The Demo Application account hosts the production infrastructure being monitored. The CI/CD pipeline integrates GitHub via AWS CodePipeline for automated deployments, while an Application Load Balancer distributes traffic and monitors health. The observability layer leverages Amazon CloudWatch alarms to detect anomalies, Amazon EventBridge to route events, and AWS Lambda as a webhook handler that forwards incident notifications to AWS DevOps Agent.
The account named Splunk provides centralized log aggregation and analysis. An Amazon EC2 instance hosts the Splunk Log Collector, while Splunk MCP manages the centralized control plane. A VPC peering connection establishes secure, private network connectivity between the Demo Application and Splunk account VPCs, enabling seamless log forwarding, without internet exposure.
AWS DevOps Agent account contains the autonomous investigation engine. AWS DevOps Agent receives incident webhooks from the Demo Application account, orchestrates autonomous investigations across integrated data sources, correlates telemetry from CloudWatch, Splunk, and GitHub, generates mitigation plans, and coordinates the incident response. The webhook integration provides communication, receiving incident triggers from Lambda, and sending investigation updates to Slack for real-time team collaboration.

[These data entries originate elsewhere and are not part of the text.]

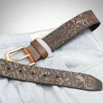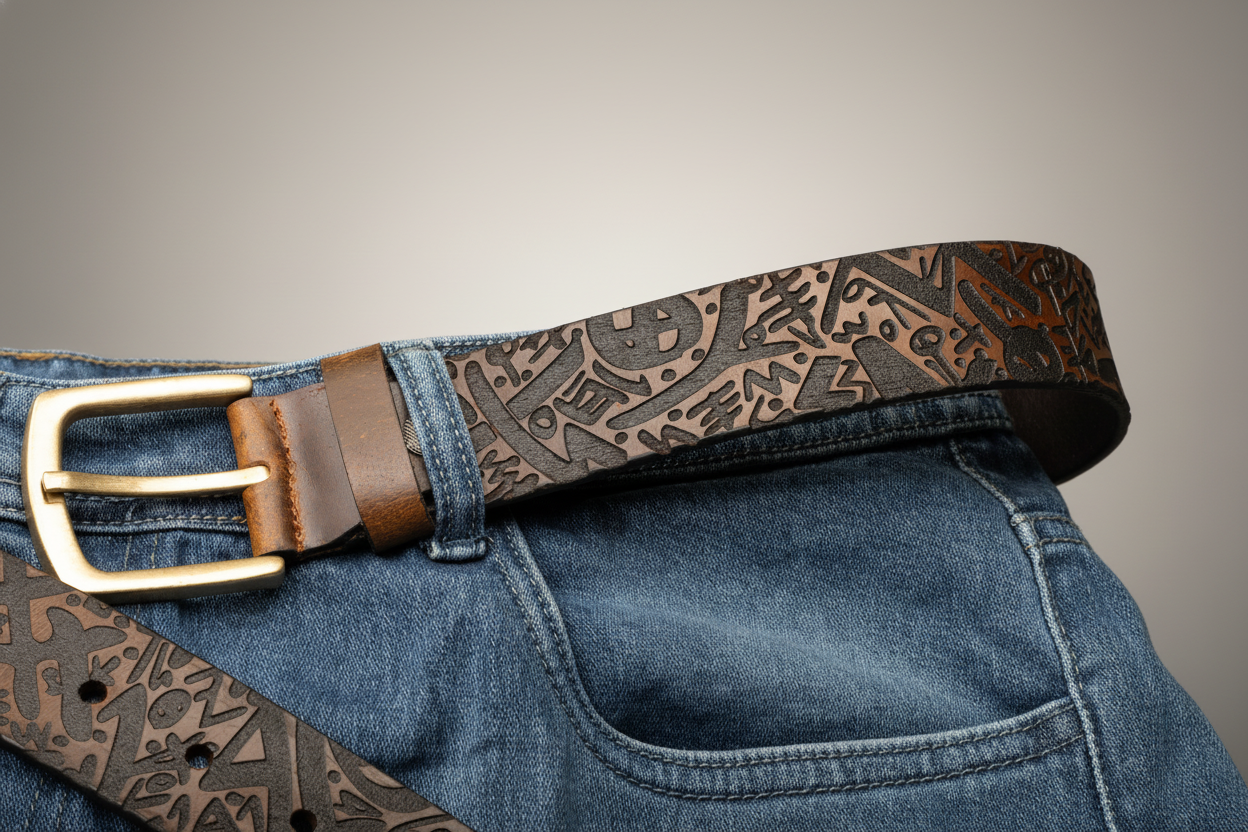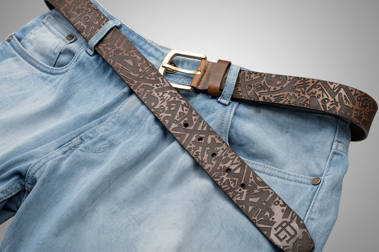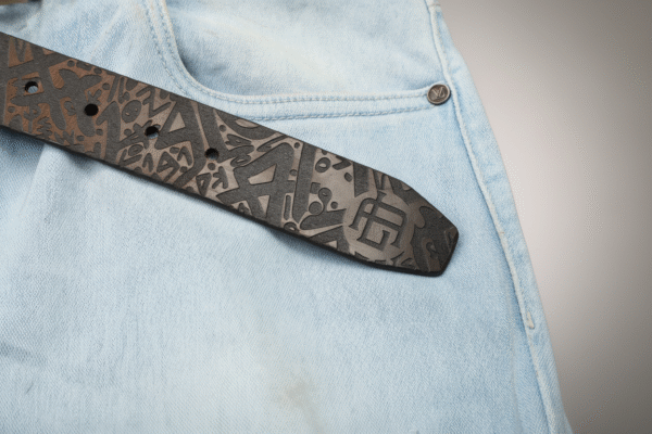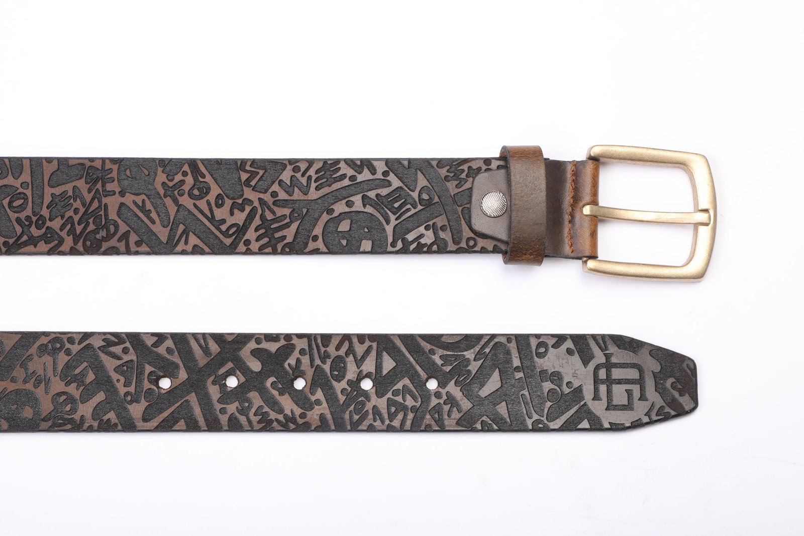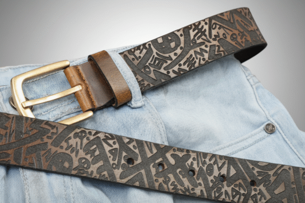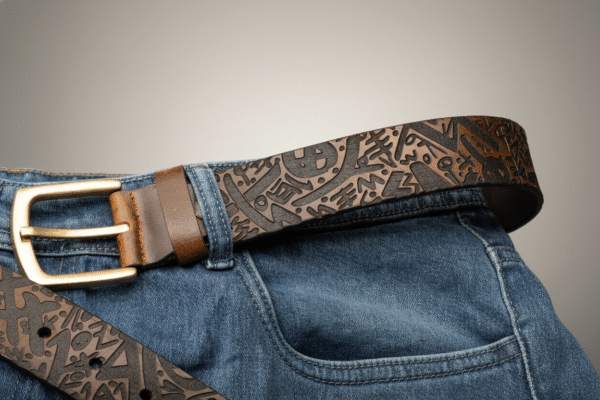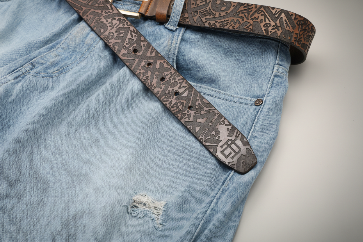 Celebrate history and design with the Phoenician Calligraphy Leather Belt — a timeless piece of wearable artistry.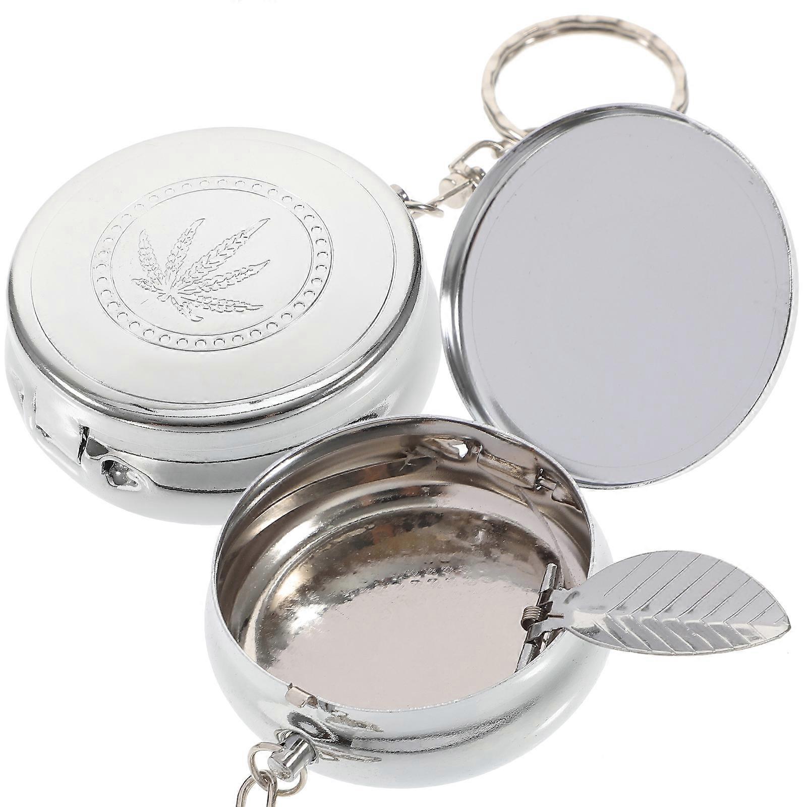 Portable Ashtray Keychain for Storing 2Pcs Mini Circular Ashtrays Silver Color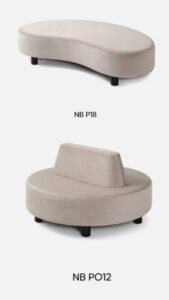 Charakteryzuje ją organiczny kształt i miękka forma o zaokrąglonych krawędziach, która nadaje wnętrzom lekkości i elegancji. Kolekcję tworzą bardzo wygodne sofy i pufy oraz ścianki akustyczne w kształcie koła. Jej zaletą jest możliwość doboru rodzaju i koloru tapicerki oraz personalizacja bazy (nogi metalowe malowane proszkowo lub drewniane dębowe). Dodatkowo do podstawy puf można zamontować dedykowane stoliki. Dzięki zastosowanym materiałom NUBI spełnia wymogi intensywnie użytkowanych wnętrz publicznych i może uatrakcyjnić lobby hotelowe oraz otwarte przestrzenie biur, banków oraz centrów handlowych.

Data flow: When an incident triggers the CloudWatch alarm, EventBridge invokes a Lambda function that, in turn, invokes the DevOps Agent webhook with a payload. The agent triggers an investigation based on its native troubleshooting capabilities. For a comprehensive view of the incident, it queries Splunk logs via MCP, retrieves deployment history from GitHub, and correlates CloudWatch metrics with deployment events to build application topology understanding. It analyzes temporal relationships between deployments and operational incidents, identifies root causes, and generates detailed mitigation plans with specific remediation steps, success criteria, and rollback procedures via Splunk MCP. The DevOps Agent’s runbooks/skills guide its investigation from start to finish, keeping it on track and aligned with established SRE procedures. Investigation results and recommendations are posted to Slack, enabling on-call engineers to wake up to identified root cause, instead of active incidents.

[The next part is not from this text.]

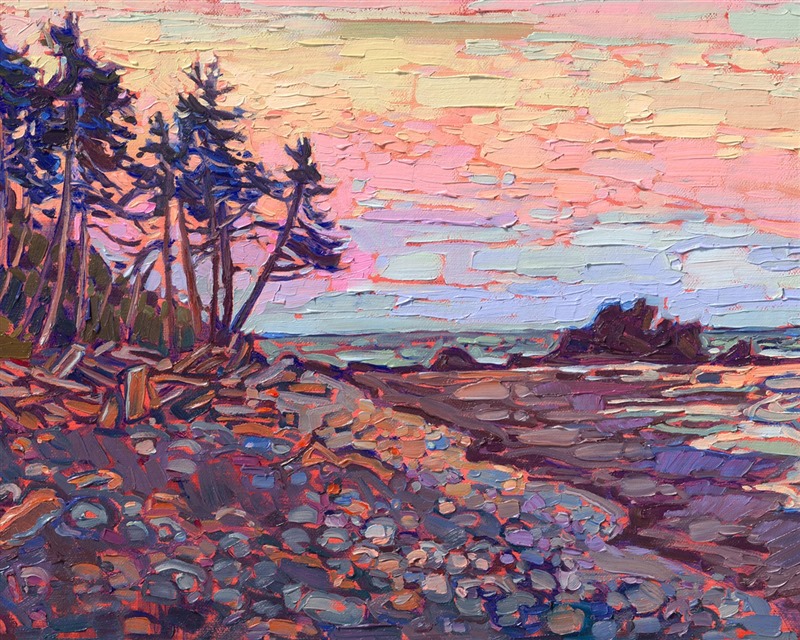 Ruby Beach on the Olympic Peninsula was one of the highlights of my trip to Washington. I got there right at the peak of golden hour, and I watched the sky change into a rainbow of fiery hues. This petite painting captures the Washington coast vista in thick, impasto brushstrokes--a small, but epic, landscape captured on a 16" canvas.

Creating your agentic DevOps engineer
DevOps Agent Spaces
A DevOps Agent Space defines the tools and infrastructure that AWS DevOps Agent has access to. Each Agent Space contains your AWS account configurations, third-party tool integrations, and access permissions. See Best Practices for Deploying AWS DevOps Agent in Production for detailed information describing the DevOps Agent spaces.
Creating an Agent Space can be done through the console, or via AWS Command Line Interface (AWS CLI). You should name your Agent Space with a descriptive name to identify its purpose. For example, if your application is “WidgetMaker”, then you can name your Agent Space “WidgetMaker Agent” to help you quickly identify the context of that agent.

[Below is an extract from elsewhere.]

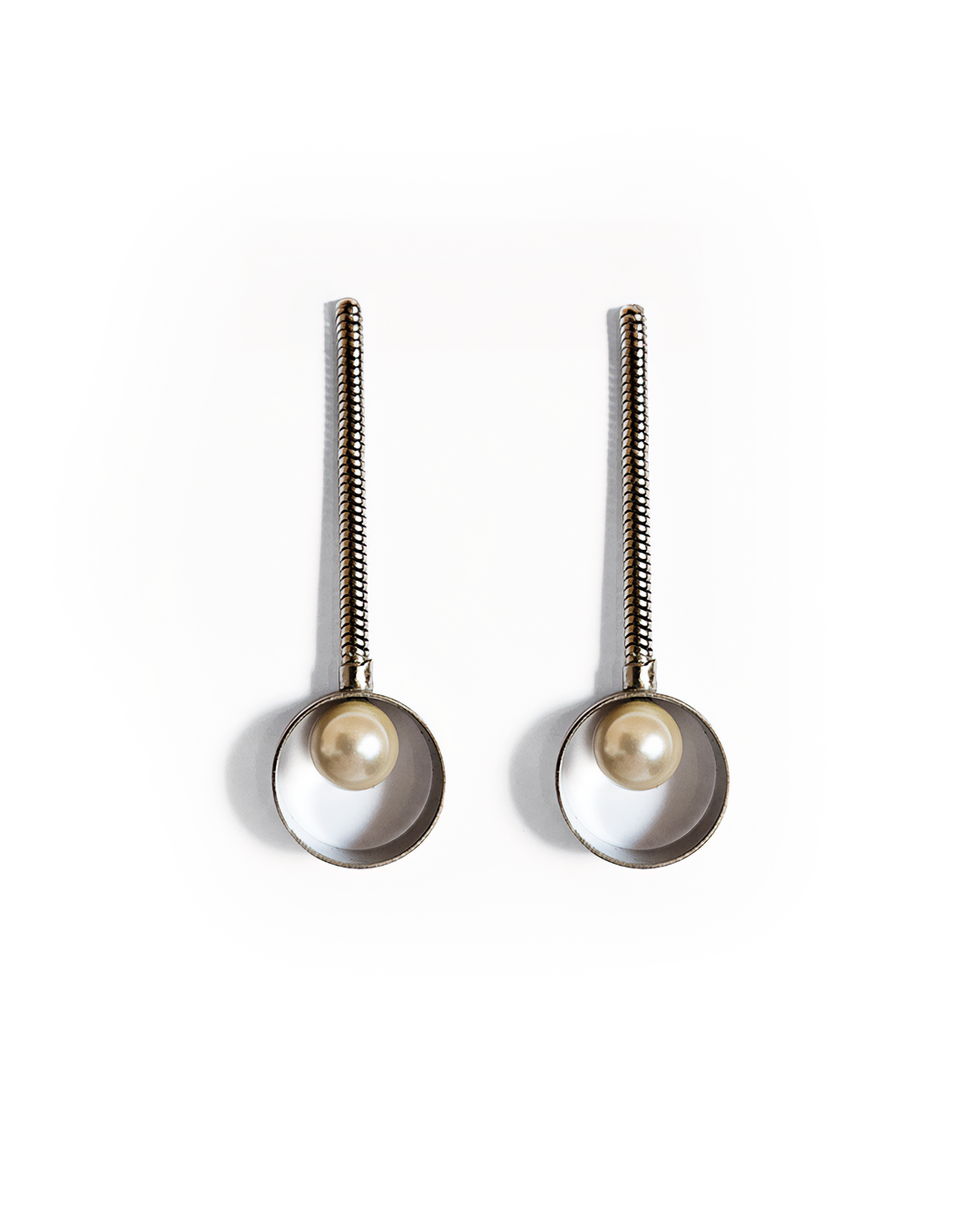 Brinco com corrente em metal, com pingente circular vazado em metal com pérola e banho prata envelhecido. O Brinco Aurora traz a tendência das pérolas em uma peça com design único e atemporal.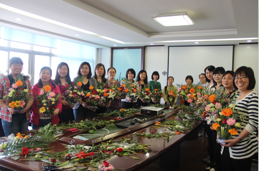 為充分發動女職工的積極性和創造性,豐富女職工的精神文化生活,濟南分公司工會舉辦了一場以“拓展幸福空間”為主題的母親節花藝DIY活動。來自分公司的20多位女職工會聚一堂,共同學習品賞插花藝術,怡情養性,提升品位。本次活動特地邀請花藝老師現場傳授插花的基本花型、技巧和注意事項等。DIY過程中,大家精心構思,選花、包扎、系繩、構圖造型,每一個步驟,每一道工序,都做得一絲不茍。原本雜亂無章的花束在大家精心布置下變成了一件件創意新穎、清雅別致的藝術作品。

Follow the steps in Creating an Agent Space for details and considerations when creating an Agent Space.
Agent Space webhooks
Before connecting any services to your DevOps Agent Space, make sure to create the webhook for your Agent Space. The schema for you to send messages to your Agent Space is shown below:
You can find great examples on the Invoking DevOps Agent through Webhook page. When creating a secure connection for this blog, we used HMAC (Hashbased Message Authorization Code). Optionally, you can experiment with the CloudWatch Alarm Webhook Integration from Git.
Finally, you create the webhook.

Make sure you download and save this unique url and secret key. Once you move on from this screen, you will no longer be able to see the secret. Now that we’ve created the webhook endpoint, we will set up the alarm or choose an existing alarm. Then we will use an Amazon Simple Notification Service (Amazon SNS) topic as the Alarm Action and subscribe a Lambda function to this topic. The Lambda function then calls the webhook. Store the webhook URL in Lambda environment variables for security.
The CloudWatch flow is: CloudWatch Alarm → Amazon EventBridge → Lambda → DevOps Agent Webhook.
Test by forcing the alarm into the ALARM state and verifying the DevOps Agent receives the event. See some samples on sending these alarms via WebHook at the aws-samples github.
Splunk Integration
For Splunk integration, you will need to perform a few tasks on your Splunk server. First, you will need to enable the Splunk MCP Server to expose the MCP URL for AWS DevOps Agent.
For Splunk MCP Server, you will first configure a token to allow AWS DevOps Agent to securely log into the Splunk MCP server.
Note: You will need to have a role called ‘mcp_user’ (it doesn’t need any capabilities) and add it to the user account in Splunk that you are going to create the token in the next step.

The audience should default to ‘mcp’ on this screen, but if not, audience will need to be ‘mcp’. Remember, you must copy the token from the screen when you create the token, or you will not be able to access it after you close the screen, requiring you to create a new token. Then, you can validate that the endpoint is active and copy the endpoint url. Note, the url presented reflects the url that you are using for the Splunk management console. If you have created a listener on port 8089 with a different url, for example, https://splunkmcp.yoururl.com:8089, then you will need to replace the url shown (https://splunkadmin.yoururl.com) with the proper url.

Finally, copy the MCP Configuration for use in AWS DevOps Agent. Note, just as above, validate that the url is the same as the listener you have created. Also, reminder to replace <Your Token> with the bearer token you’ve created (and copied) above.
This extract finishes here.